Work instruction: Give again exactly the lines that run from the start of the records to the line holding "screens: Language, Factory", both ends counted. Do not include the pictures.

[Collected data entries]
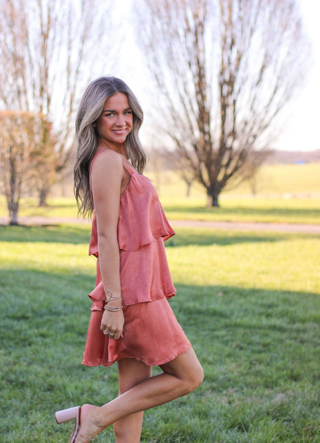 This Almond Breeze A-Line Dress features a knee-length design with shoulder straps, perfect for any casual or dressy occasion. Made from 100% polyester, it's not only stylish but comfortable as well. The beautiful color and layered silky material add elegance to any outfit.
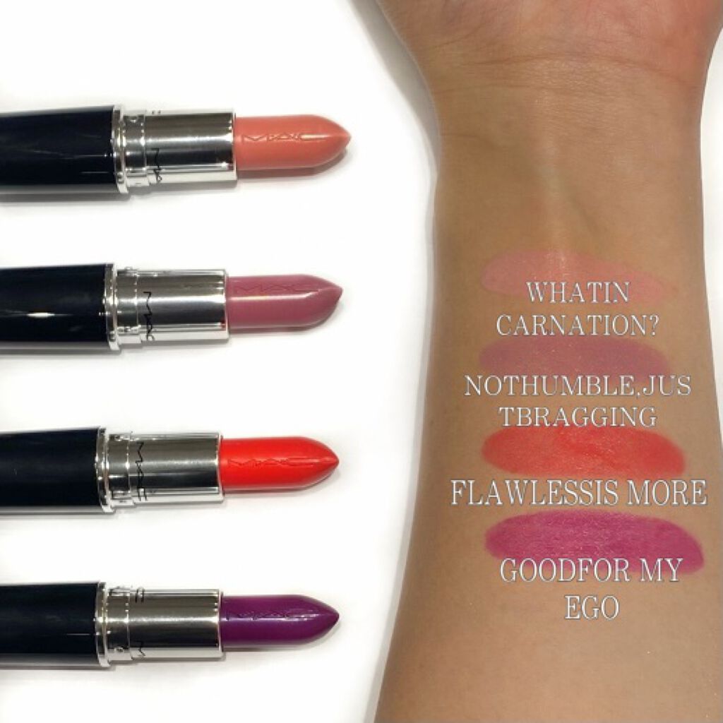 【第3段♥フローレスイズモア(限定色)】8月16日に新発売のM・A・Cラスターガラスリップスティックを3弾に渡って紹介します!まず、マスクにつきます。(笑)しかし塗り心地は抜群!スルスル塗れて、M・A・Cのリップスティック(紹介済み)は唇が少しでもフラットの状態じゃないとムラのようになってしまいますが、ラスターガラスリップスティックはそんな事はなく、均一に濡れるのが見た目が非常に綺麗です!ラスターガラスリップスティックを使用する際はティッシュオフからのポンポン塗りにしてますが、個人的には1度塗りだけで終わらせたい!だって最強に可愛いんだもん!マスクさえなければ!🤬⬆️ここまでは、3弾全ての共通文です。⬆️お待たせしました!フローレスイズモアの紹介です!まずこちらは限定色になります。限定色は最後に載せた画像の4色になり、限定色の中でも1番使いやすいカラーがフローレスイズモアです。購入した3色を並べると1番赤みが強いのかなと思います。色味はシーシアーに似ていますがフローレスイズモアの方が明るい赤で朱色感があります。シーシアーよりもカジュアル感が強いので顔に色味を持って来たい時や明るさをプラスしたい時はフローレスイズモアの出番で、仕事の時はシーシアーで使い分けようかな🧐以上でラスターガラス3色の紹介は終わりです!お付き合いありがとうございました🙇♂️今回ラスターガラスを購入して、改めてM・A・Cのリップにどハマりしそうなのでまた別のものやラスターガラスを紹介します💄💕そしてラスターガラスのレビュー件数が少ないのでなにか参考になれば嬉しいです!個人的に好きなカラーの順番は、パウトオブコントロール>シーシアー>フローレスイズモアかな?使いやすさ的にはシーシアー>フローレスイズモア>パウトオブコントロール。どれも可愛いので今日はどれにしようかな、なんてリップから始めるメイクもありかなと思いました🥰#mac_リップ#mac#ラスターガラス#リップ#限定色#秋冬メイク#エッセンシャルでキメハート#今月のコスメ購入品#殿堂コスメ#私の眉毛事情#メイクの秋#やっぱりツヤ肌が好き#沼るコスメたち#動画で毎日メイク#アウトバスルーティン
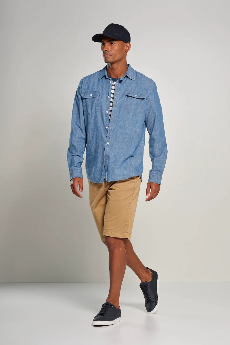 Bermuda chino da uomo, slim fit, perfetti per completare il look estivo con eleganza e praticità. Realizzati in: Gabardina di cotone stretch, tinto e lavato in capo, che garantisce elasticità, resistenza e un comfort ottimale.
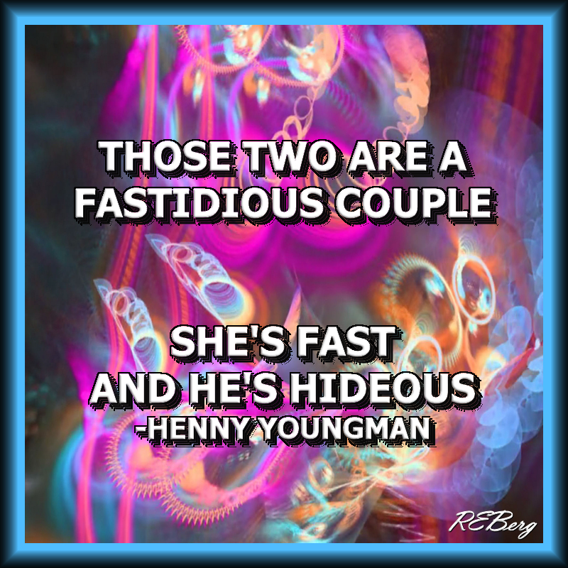 Dream Team Image August 28, 2024 R.E. Berg humor, joke, meme, Punishingly Punny, Quote Quotient, Rocky Relationships couple, fast, fastidious, Henny Youngman, hideous
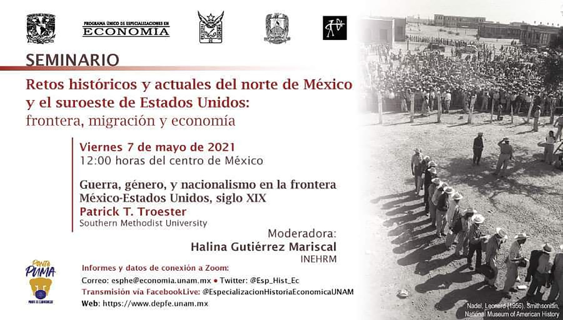 SALTILLO, Coahuila. 6 de mayo de 2021.- La Escuela de Ciencias Sociales de la Universidad Autónoma de Coahuila a través de la Maestría en Historia del Noreste Mexicano y Texas, en conjunto con la Universidad Nacional Autónoma de México y su Especialización en Historia Económica, invitan al Seminario “Retos Históricos y Actuales del Norte de México y el Suroeste de Estados Unidos: frontera, migración y economía”.
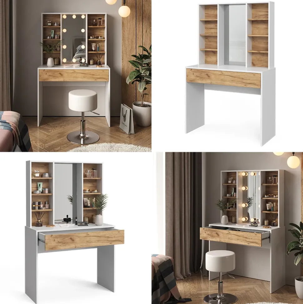 - MATERIAL: Unser Kosmetiktisch besteht aus robustem 16 mm Spanplattenmaterial. Der Spiegel ist aus hochwertigem Glas gefertigt. Leicht zu pflegen und von langer Haltbarkeit
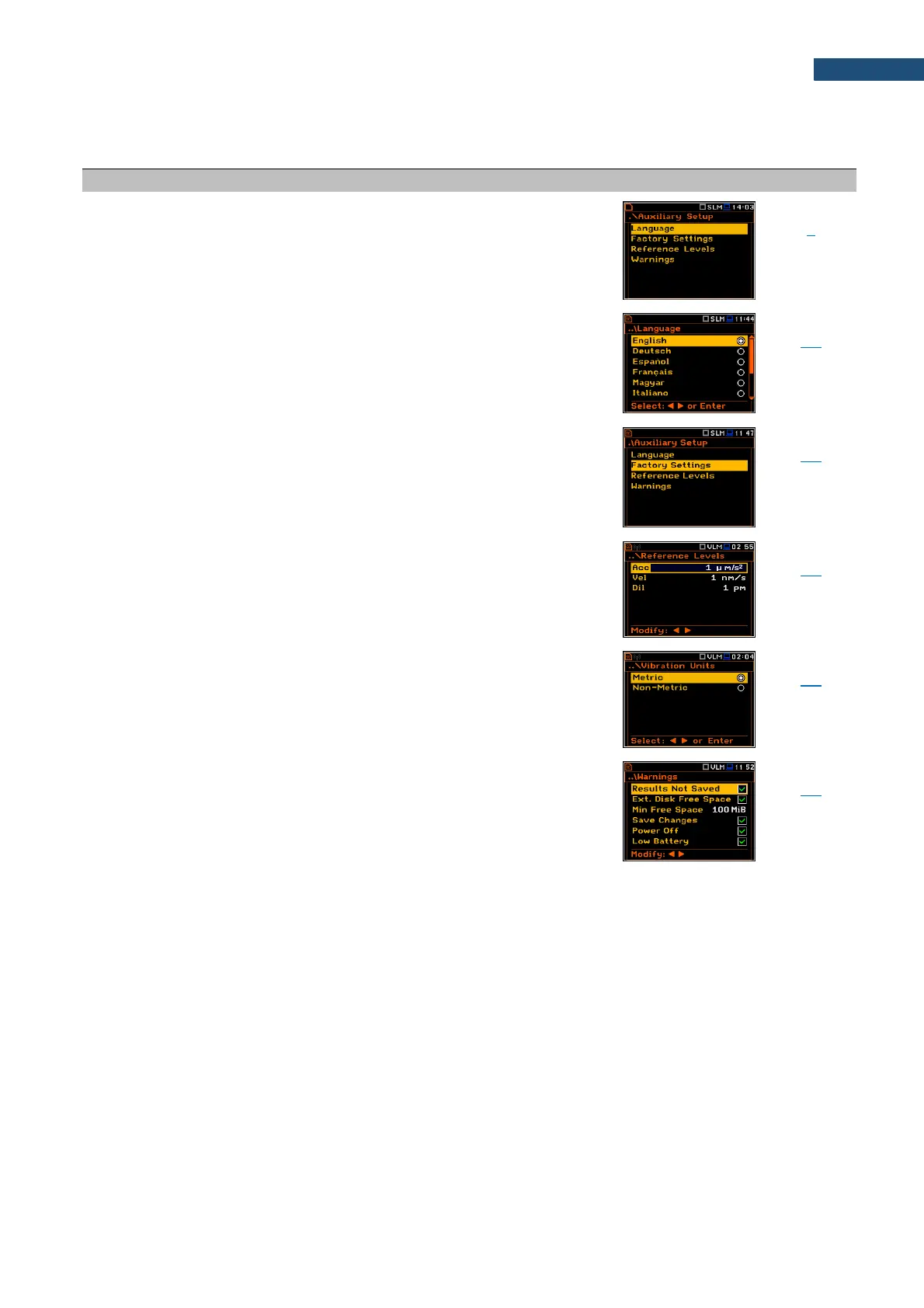 screens: Language, Factory Settings, Reference Levels,
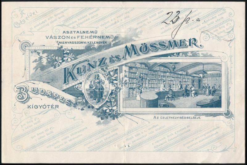 1898 Budapest, Kígyó tér (Ferenciek tere), Kunz és Mössmer Asztalnemű... https://www.darabanth.com/en/283-Online-auction/283.0/Other-collectibles/Documents~17/1898-Budapest-Kigyo-ter-Ferenciek-tere-Kunz-es-Mossmer-Asztalnemu-vaszon-es-fehernem~II1472075
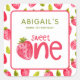 Personalized Strawberry Berry First Birthday stickers for baby girl turning sweet ONE. Watercolor strawberries, leaves and white floral accents. Berry 1st birthday party supplies.
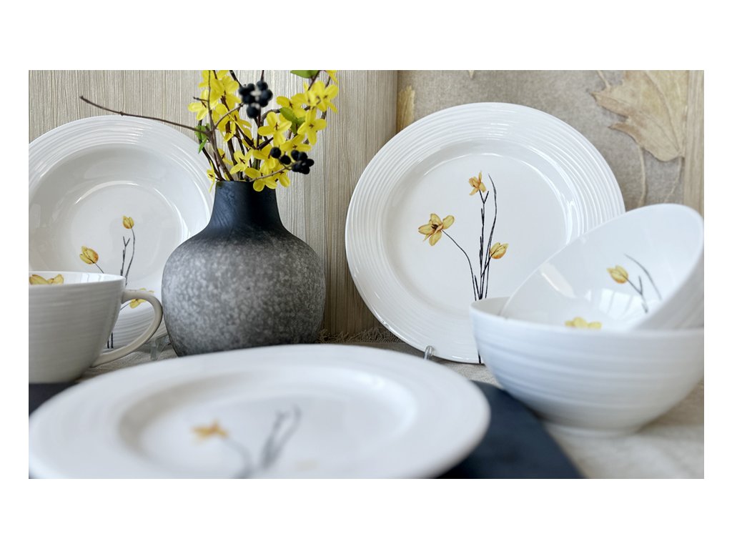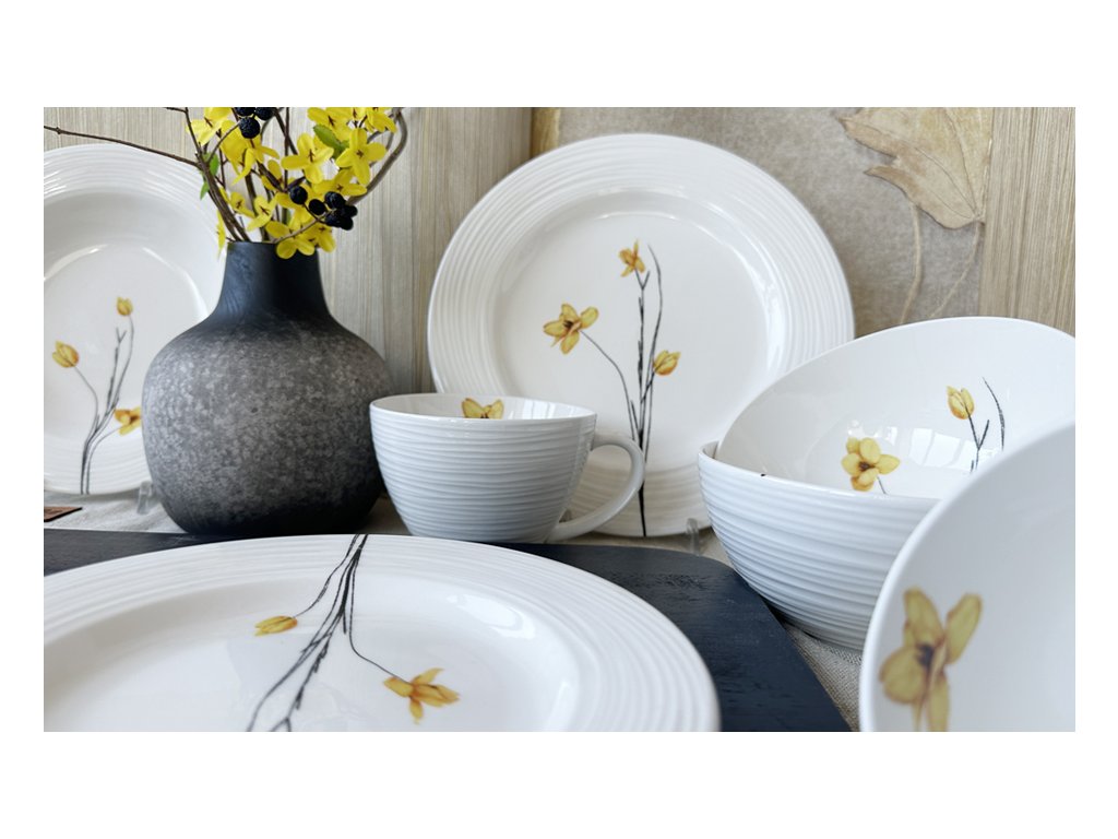 Jídelní sada Croft Spring přináší do vašeho domova svěžest jara a jemnou eleganci. Porcelánová jídelní souprava je inspirována krásou přírody a vyniká čistým designem s embosovanými okraji a jemným květinovým motivem v žlutých a černých tónech. Porcelánové talíře mají zdobené okraje, zatímco misky a hrnky jsou embosované po celé vnější straně.

Answer box:
 This Almond Breeze A-Line Dress features a knee-length design with shoulder straps, perfect for any casual or dressy occasion. Made from 100% polyester, it's not only stylish but comfortable as well. The beautiful color and layered silky material add elegance to any outfit.
 【第3段♥フローレスイズモア(限定色)】8月16日に新発売のM・A・Cラスターガラスリップスティックを3弾に渡って紹介します!まず、マスクにつきます。(笑)しかし塗り心地は抜群!スルスル塗れて、M・A・Cのリップスティック(紹介済み)は唇が少しでもフラットの状態じゃないとムラのようになってしまいますが、ラスターガラスリップスティックはそんな事はなく、均一に濡れるのが見た目が非常に綺麗です!ラスターガラスリップスティックを使用する際はティッシュオフからのポンポン塗りにしてますが、個人的には1度塗りだけで終わらせたい!だって最強に可愛いんだもん!マスクさえなければ!🤬⬆️ここまでは、3弾全ての共通文です。⬆️お待たせしました!フローレスイズモアの紹介です!まずこちらは限定色になります。限定色は最後に載せた画像の4色になり、限定色の中でも1番使いやすいカラーがフローレスイズモアです。購入した3色を並べると1番赤みが強いのかなと思います。色味はシーシアーに似ていますがフローレスイズモアの方が明るい赤で朱色感があります。シーシアーよりもカジュアル感が強いので顔に色味を持って来たい時や明るさをプラスしたい時はフローレスイズモアの出番で、仕事の時はシーシアーで使い分けようかな🧐以上でラスターガラス3色の紹介は終わりです!お付き合いありがとうございました🙇♂️今回ラスターガラスを購入して、改めてM・A・Cのリップにどハマりしそうなのでまた別のものやラスターガラスを紹介します💄💕そしてラスターガラスのレビュー件数が少ないのでなにか参考になれば嬉しいです!個人的に好きなカラーの順番は、パウトオブコントロール>シーシアー>フローレスイズモアかな?使いやすさ的にはシーシアー>フローレスイズモア>パウトオブコントロール。どれも可愛いので今日はどれにしようかな、なんてリップから始めるメイクもありかなと思いました🥰#mac_リップ#mac#ラスターガラス#リップ#限定色#秋冬メイク#エッセンシャルでキメハート#今月のコスメ購入品#殿堂コスメ#私の眉毛事情#メイクの秋#やっぱりツヤ肌が好き#沼るコスメたち#動画で毎日メイク#アウトバスルーティン
 Bermuda chino da uomo, slim fit, perfetti per completare il look estivo con eleganza e praticità. Realizzati in: Gabardina di cotone stretch, tinto e lavato in capo, che garantisce elasticità, resistenza e un comfort ottimale.
 Dream Team Image August 28, 2024 R.E. Berg humor, joke, meme, Punishingly Punny, Quote Quotient, Rocky Relationships couple, fast, fastidious, Henny Youngman, hideous
 SALTILLO, Coahuila. 6 de mayo de 2021.- La Escuela de Ciencias Sociales de la Universidad Autónoma de Coahuila a través de la Maestría en Historia del Noreste Mexicano y Texas, en conjunto con la Universidad Nacional Autónoma de México y su Especialización en Historia Económica, invitan al Seminario “Retos Históricos y Actuales del Norte de México y el Suroeste de Estados Unidos: frontera, migración y economía”.
 - MATERIAL: Unser Kosmetiktisch besteht aus robustem 16 mm Spanplattenmaterial. Der Spiegel ist aus hochwertigem Glas gefertigt. Leicht zu pflegen und von langer Haltbarkeit
 screens: Language, Factory Settings, Reference Levels,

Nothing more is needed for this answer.